▶ _RECORDS FOR THIS EXERCISE_
━━━

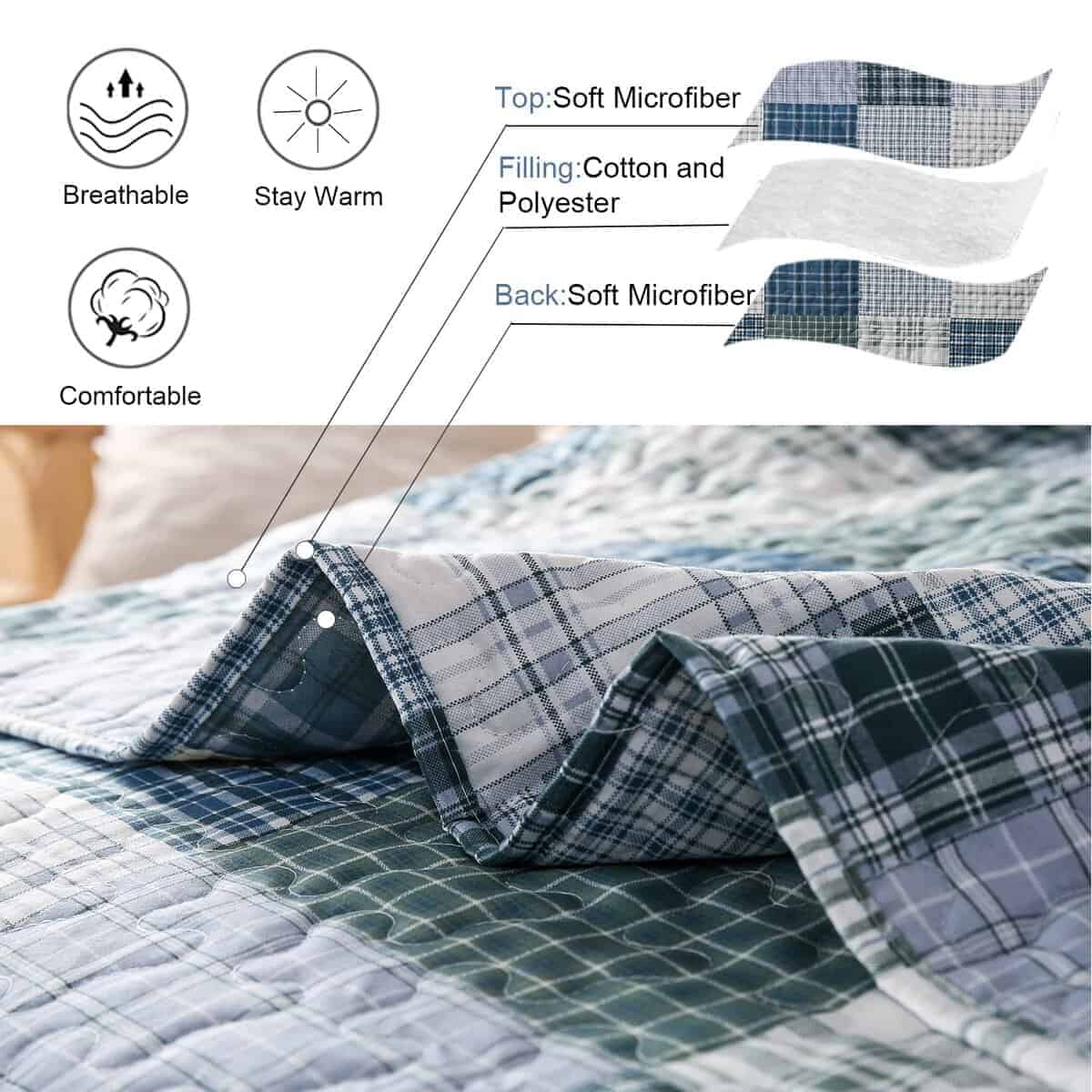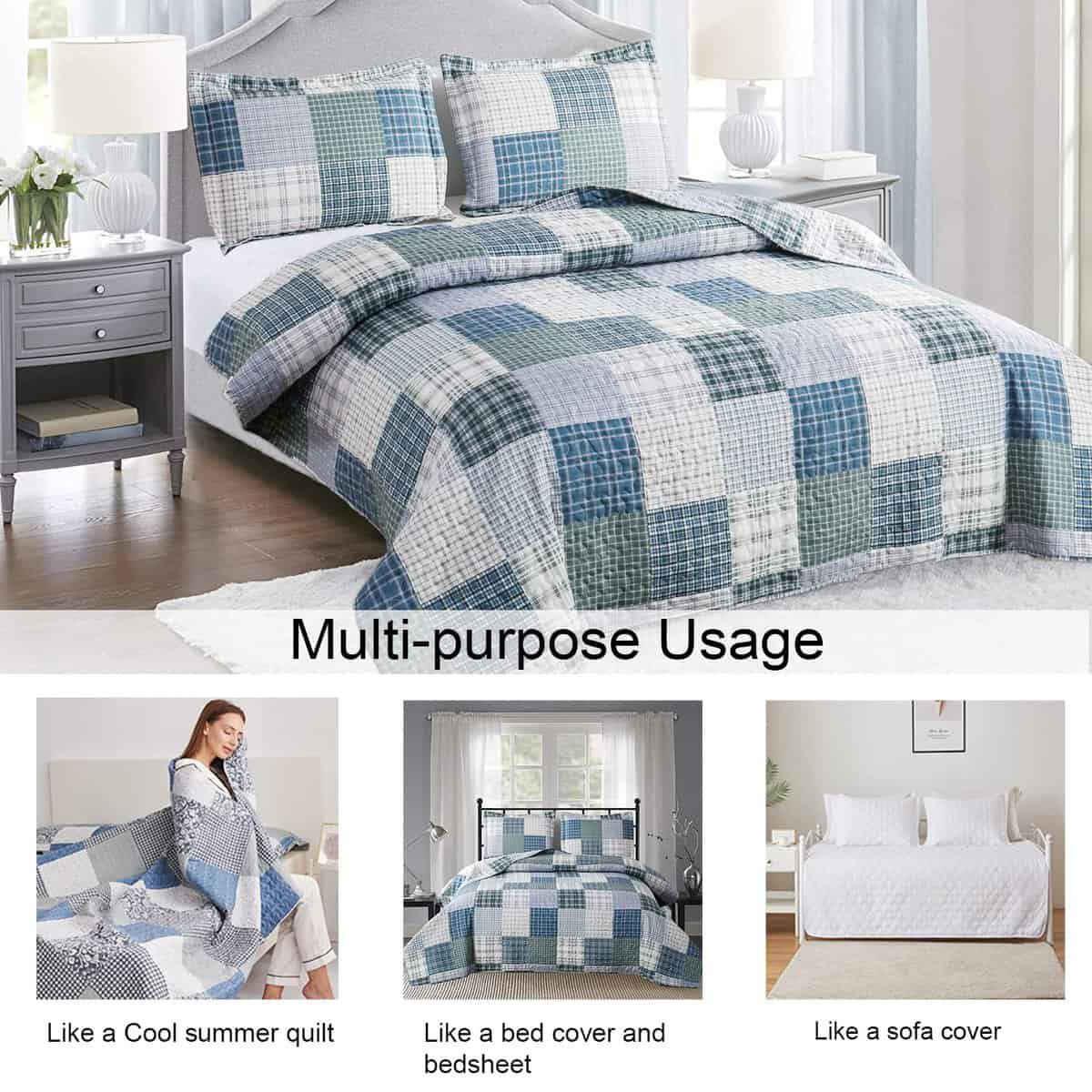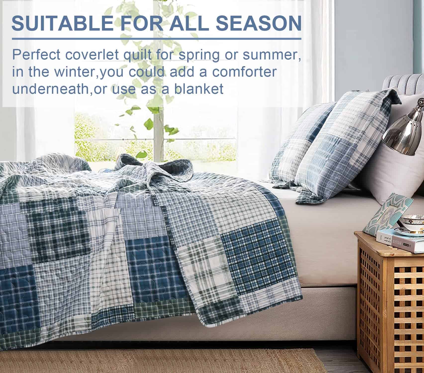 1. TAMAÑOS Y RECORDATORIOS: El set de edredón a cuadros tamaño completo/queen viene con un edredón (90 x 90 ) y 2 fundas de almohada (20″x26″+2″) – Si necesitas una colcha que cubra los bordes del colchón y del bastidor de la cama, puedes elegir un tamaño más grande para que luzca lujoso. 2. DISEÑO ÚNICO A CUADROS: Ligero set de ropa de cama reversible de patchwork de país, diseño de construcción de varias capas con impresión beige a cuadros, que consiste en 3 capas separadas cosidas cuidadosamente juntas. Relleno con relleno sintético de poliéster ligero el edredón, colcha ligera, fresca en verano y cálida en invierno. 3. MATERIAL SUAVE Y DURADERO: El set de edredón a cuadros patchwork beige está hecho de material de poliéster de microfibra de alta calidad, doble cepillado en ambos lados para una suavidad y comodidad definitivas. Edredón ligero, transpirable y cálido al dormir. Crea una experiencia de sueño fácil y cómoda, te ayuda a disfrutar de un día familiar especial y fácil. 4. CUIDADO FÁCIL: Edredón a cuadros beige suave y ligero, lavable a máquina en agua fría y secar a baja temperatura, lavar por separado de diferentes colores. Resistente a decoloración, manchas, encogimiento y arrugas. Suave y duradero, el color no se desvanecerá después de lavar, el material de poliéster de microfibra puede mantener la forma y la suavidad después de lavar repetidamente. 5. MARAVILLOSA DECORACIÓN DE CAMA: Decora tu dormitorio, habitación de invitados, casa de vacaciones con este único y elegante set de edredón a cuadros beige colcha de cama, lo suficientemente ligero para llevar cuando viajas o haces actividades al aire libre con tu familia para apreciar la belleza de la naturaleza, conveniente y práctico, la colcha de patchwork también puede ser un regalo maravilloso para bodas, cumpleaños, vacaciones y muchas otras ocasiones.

━━━

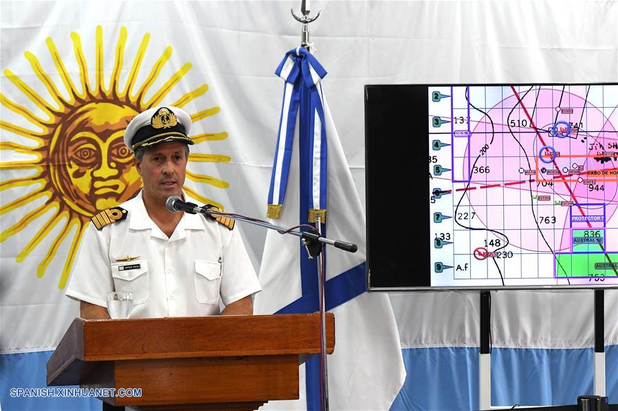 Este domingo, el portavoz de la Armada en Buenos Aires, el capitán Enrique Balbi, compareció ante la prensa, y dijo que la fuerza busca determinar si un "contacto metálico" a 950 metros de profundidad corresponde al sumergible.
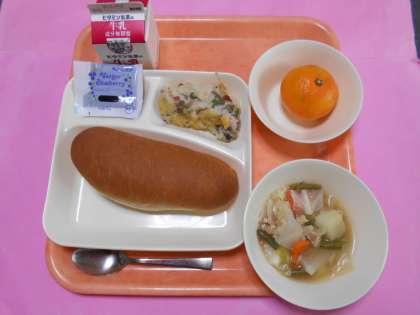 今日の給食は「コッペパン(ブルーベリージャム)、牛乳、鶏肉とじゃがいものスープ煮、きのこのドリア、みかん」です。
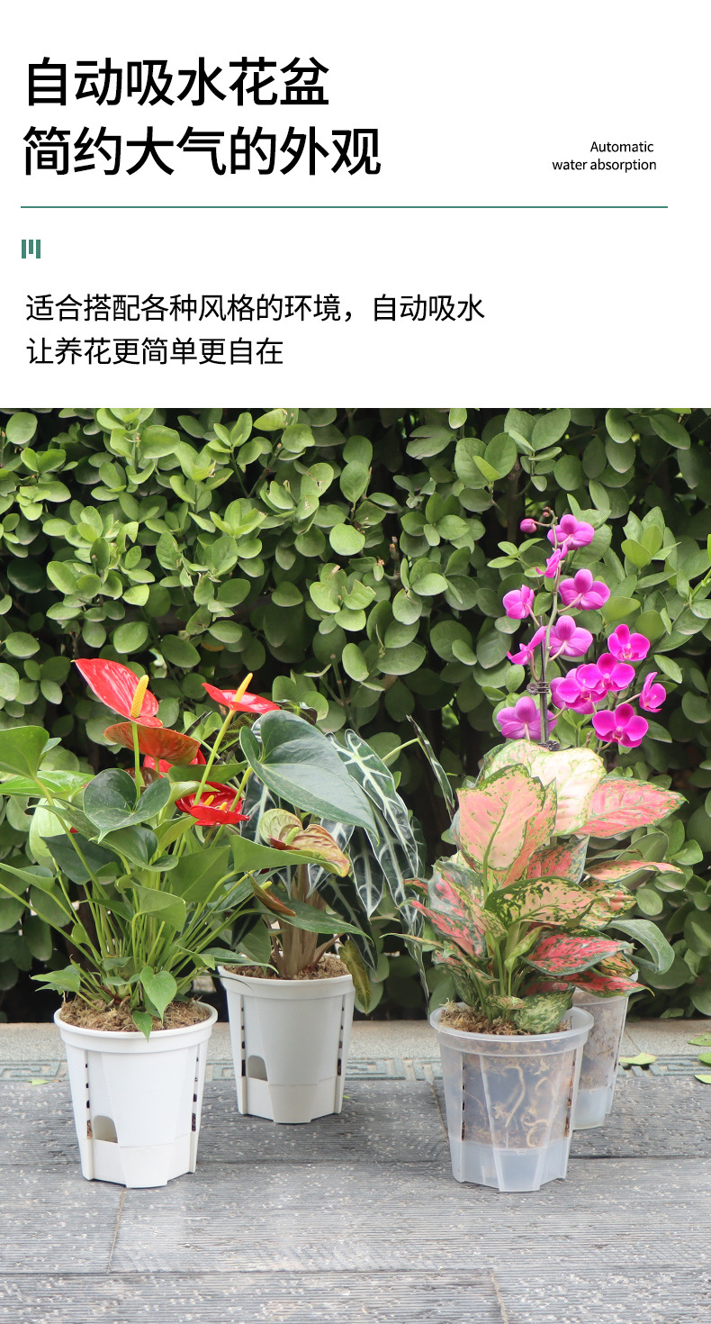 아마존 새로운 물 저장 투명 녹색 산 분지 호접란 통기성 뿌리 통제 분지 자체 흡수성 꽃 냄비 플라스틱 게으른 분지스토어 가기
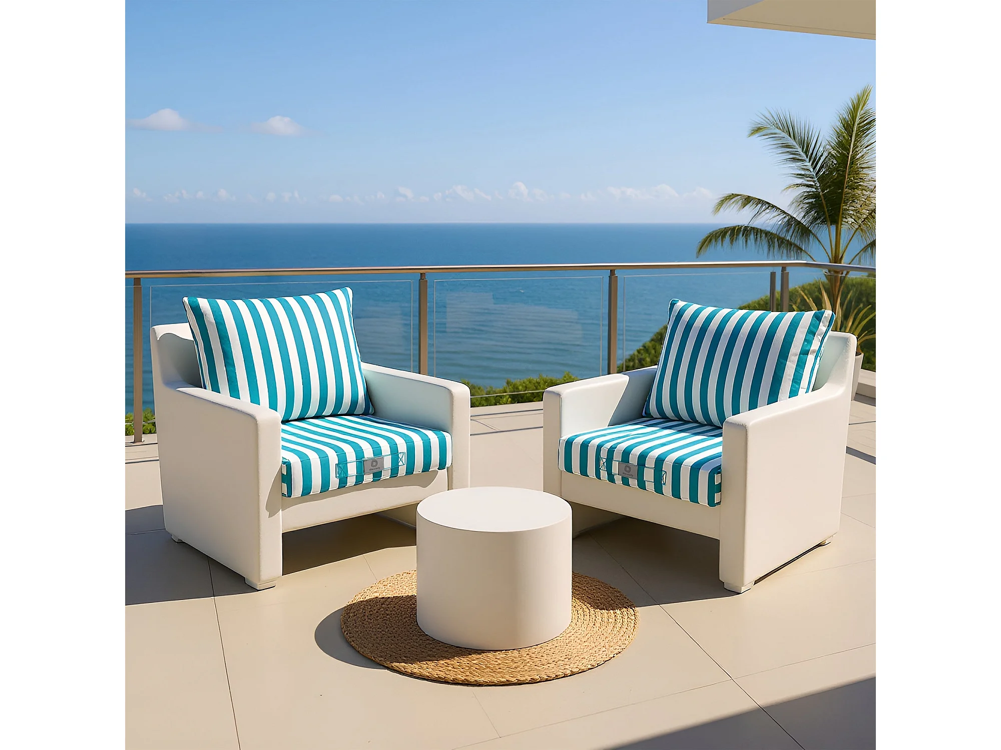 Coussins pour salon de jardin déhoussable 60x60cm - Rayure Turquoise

━━━

▶ _ACTION ITEM_
The expected output is the lines above from the one containing "今日の給食は「コッペパン(ブ" to the one containing "Coussins pour salon", both ends included, reproduced exactly with every picture left out.

▶ _FINISHED EXERCISE_
 今日の給食は「コッペパン(ブルーベリージャム)、牛乳、鶏肉とじゃがいものスープ煮、きのこのドリア、みかん」です。
 아마존 새로운 물 저장 투명 녹색 산 분지 호접란 통기성 뿌리 통제 분지 자체 흡수성 꽃 냄비 플라스틱 게으른 분지스토어 가기
 Coussins pour salon de jardin déhoussable 60x60cm - Rayure Turquoise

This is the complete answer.